> What's wild is that these scrapers rotate through thousands of IP addresses during their scrapes, which leads me to suspect that the requests are being tunnelled through apps on mobile devices, since the ASNs tend to be cellular networks. I'm still speculating here, but I think app developers have found another way to monetise their apps by offering them for free, and selling tunnel access to scrapers.
Wild indeed, and potentially horrific for the owners of the affected devices also! Any corroboration for that out there?
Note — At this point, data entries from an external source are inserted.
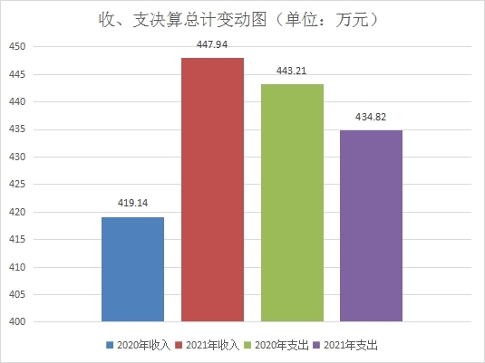 2021年度收入总计447.94万元、支出总计434.82万元。与2020年相比,收入比上年增加28.8万元、增加6.87%,支出总计减少8.38万元,下降8.15%。主要变动原因是公用经费减少,本年节省开支。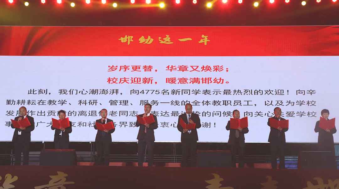 百年师范庆华诞,青春邯幼迎新生。10月23日晚上,我校2025年“贺校庆迎新生”文艺晚会在主校区体育场盛大上演。校党委书记万永彪,党委副书记、校长曹建召出席,学校党委领导班子其他成员,校属各单位、机关各部门主要负责同志,全体辅导员、2025级全体新生参加。
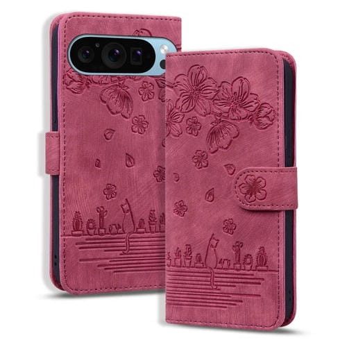 Funda de Cuero con Relieve de Gato Sakura para Google Pixel 9 Pro XL (Rojo)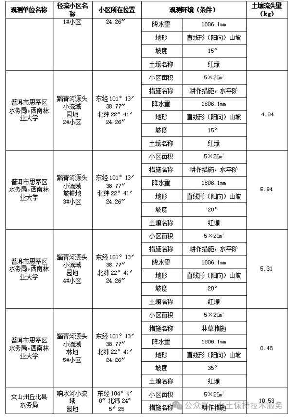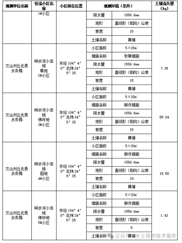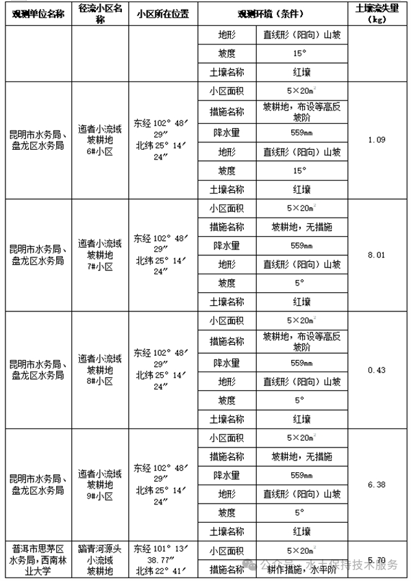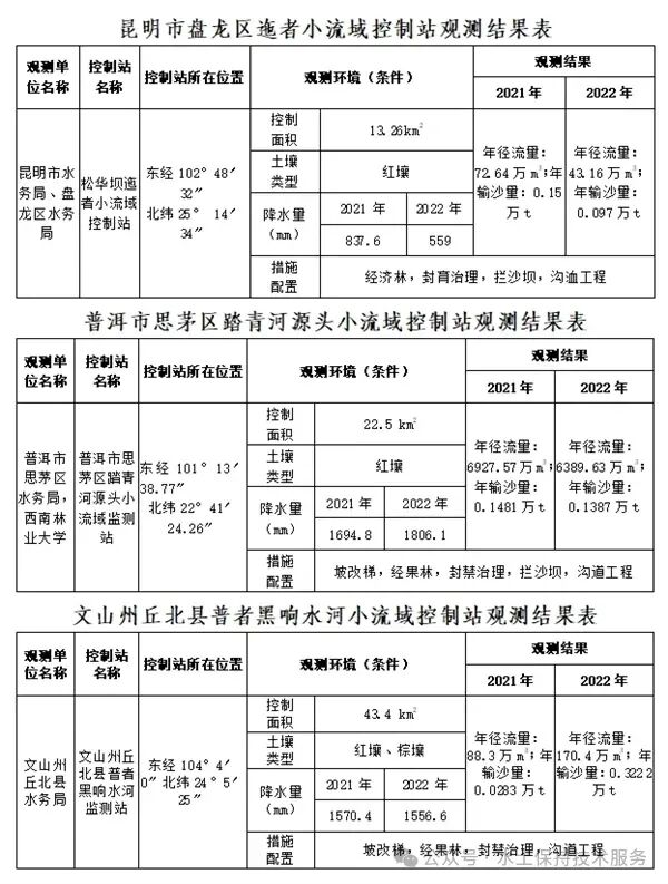 (1)小流域控制站观测成果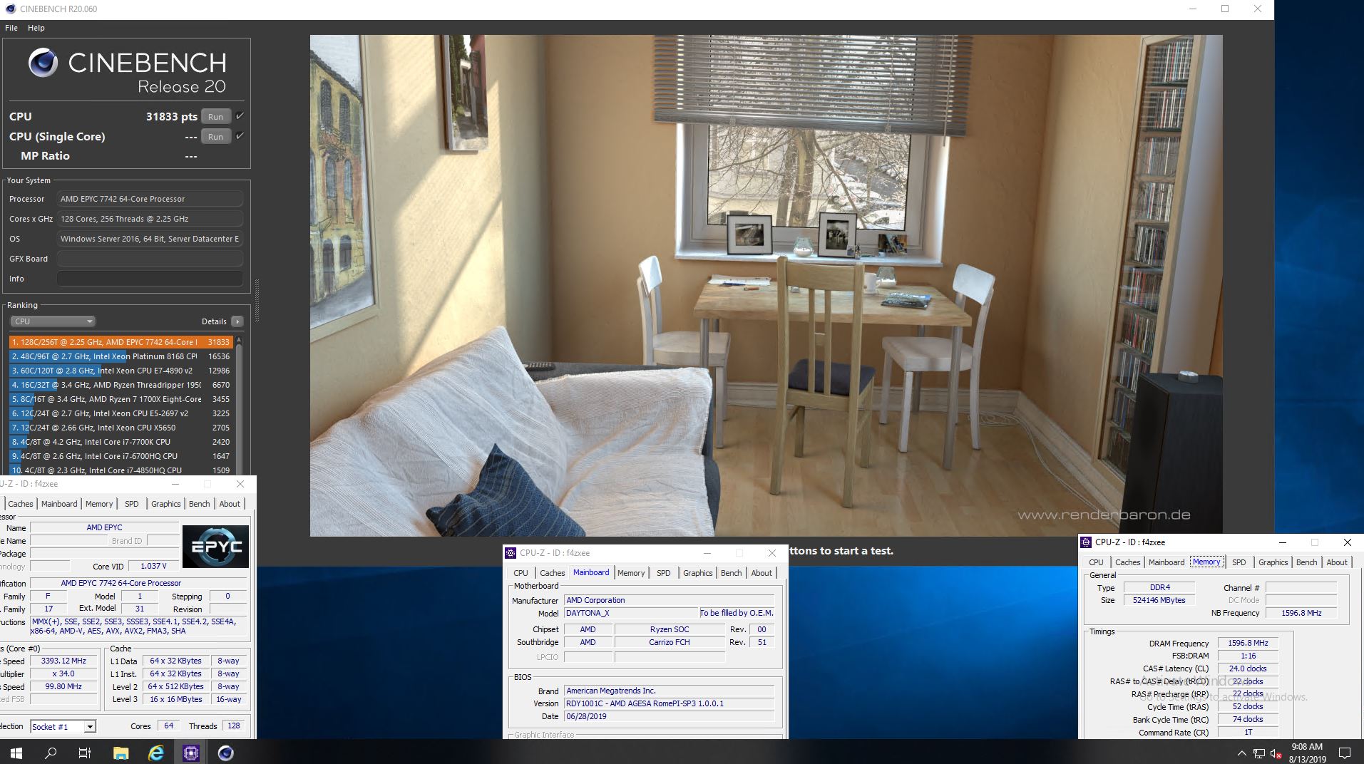 Dual AMD EPYC 7742 Cinebench R20 31833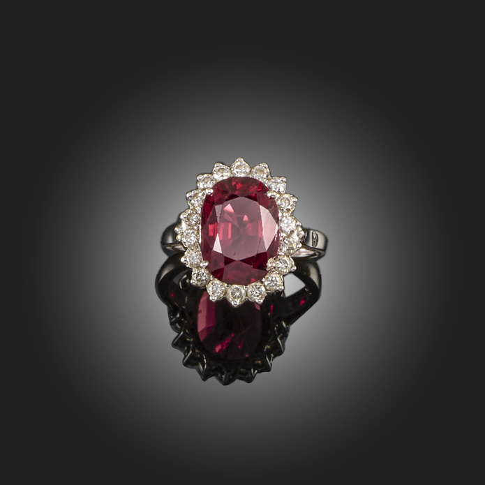 A SPINEL AND DIAMOND CLUSTER RING, set with an oval-shaped spinel weighing approximately 5.90cts, within a surround of round brilliant-cut diamonds in white gold, size K 1/2
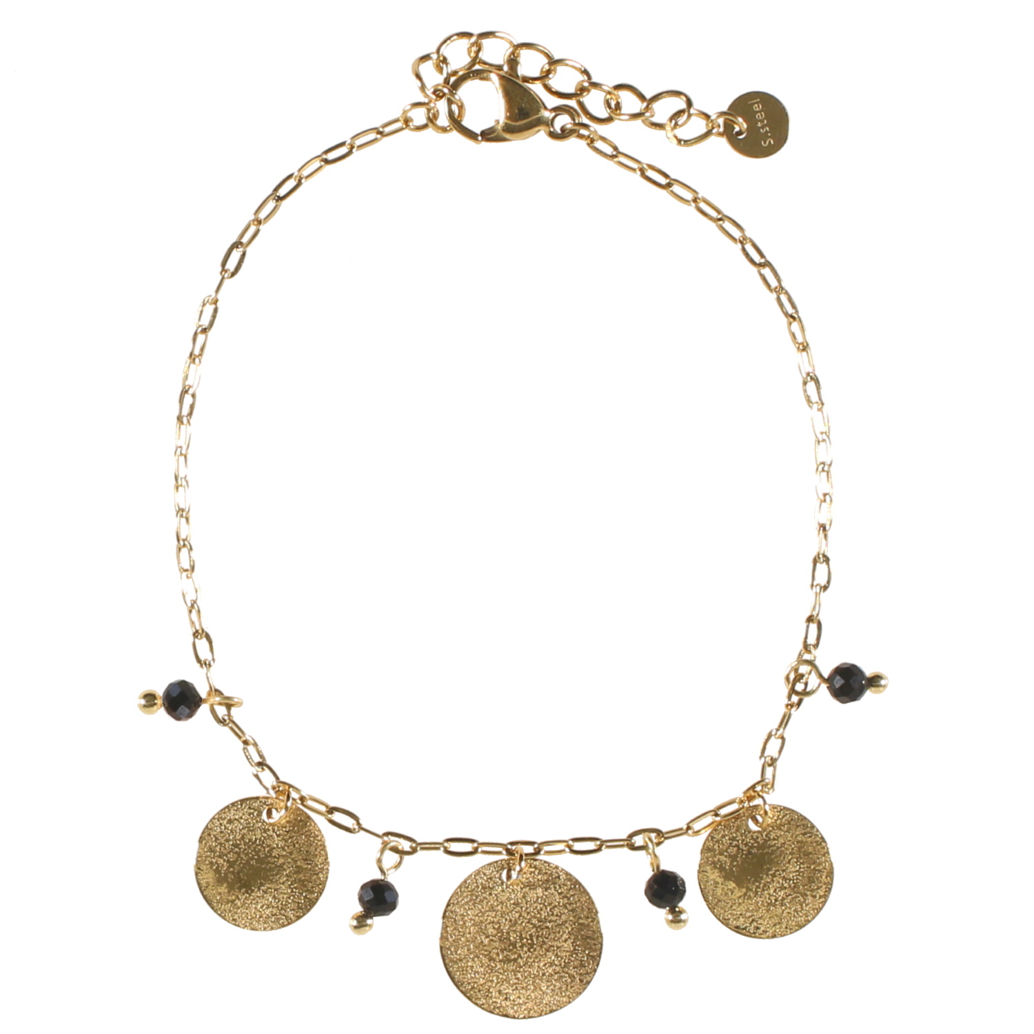 Description Bracelet composé d'une chaîne avec pastilles rondes pendantes en acier doré et pampilles en perles de couleur noire. Fermoir mousqueton avec 3 cm de rallonge. Longueur 17+3 cm [Guide des tailles] Largeur 12 mm Matière(s) Acier , Rocaille . L'acier utilisé dans la bijouterie existe sous plusieurs qualités. Nous utilisons principalement la qualité 316L, qualité qui est utilisée en chirurgie. Cet acier est donc inoxydable et reste très résistant. Fermoir Mousqueton Couleur(s) dominante(s) Doré , Noir Public Adolescent , Adulte . Genre Femme , Fille . Saison Indémodable . Cliquez sur une matière, un thème, une couleur ou une collection pour voir tous les articles associés.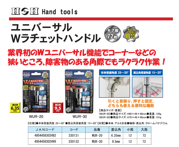 【商品名】(業務用9個セット) H&H Wユニバーサルラチェットハンドル/作業工具 【差込角:6.35】 8角形本体 ギア数72枚 WUR-20
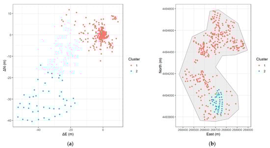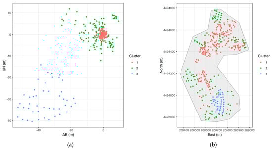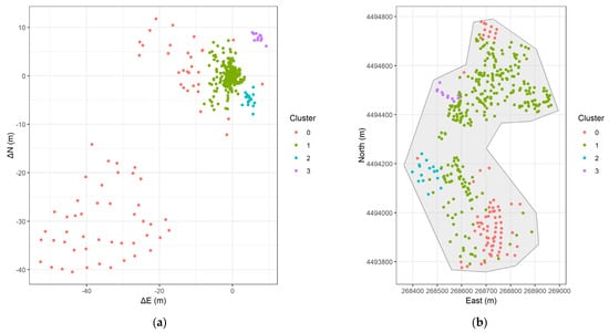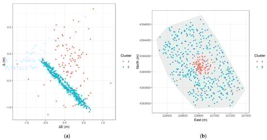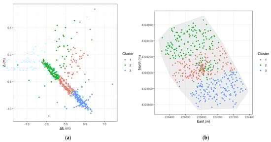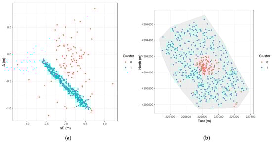 As already mentioned, clustering groups data points is based on a predefined similarity measure, without prior knowledge of the group labels. In this context, the goal is to group homologous points that have similar error values , to reveal underlying spatial structure in the error distribution. If the errors were distributed randomly across the study areas, clustering would likely produce arbitrary groupings without meaningful interpretation. Nonetheless, we make the hypothesis that systematic errors will be expressed as spatially district patterns. All analyses was performed using the R language (version 4.4.2) [] and the packages ‘cluster’ [], ‘dbscan’ [], ‘mclust’ [], ‘factoextra’ [], ‘ggplot2’ [], and ‘sf’ [].

This is actually a commonly known fact. There are many services now that sell “residential proxies”, which are always mobile IP addresses. Since mobile IPs use CGNat it’s also not great to block the IP because it can be like geofencing an entire city or town. Some examples are: oxylabs, iproyal, brightdata, etc.
Recently I filed an abuse complaint directly with brightdata because I was getting hit with 1000s of requests from their bots. The funny part is the didn’t even stop, after acknowledging the complaint.
> How is it free?
>
> In return for free usage of Hola Free VPN Proxy, Hola Fake GPS location and Hola Video Accelerator, you may be a peer on the Bright Data network. By doing so you agree to have read and accepted the terms of service of the Bright Data SDK SLA (https://bright-sdk.com/eula). You may opt out by becoming a Premium user.
If you have a moderately successful app, sdk or browser extension you will get hit up to add things to it like this. I think most free VPN services also lease out your bandwidth to make their money as well.
they use a mixture of colo (M247, Datacamp, HostRoyale, Oxylabs, etc) and international residential. I suspect the latter are where those residential app proxies come into play (bright SDK, etc). Oxylabs is also a well known proxy provider, which makes me think they're the gateway into all of these IPs.
Definitely interesting times to try and host a web server!
You can get paid a few dollars (not many) to let them use your connection. I would like Cloudflare's business model (blocking datacenter IPs) to be worthless, so I do it. Haven't tried a withdrawal yet so it could well be a scam. This is not illegal (unless it's a scam).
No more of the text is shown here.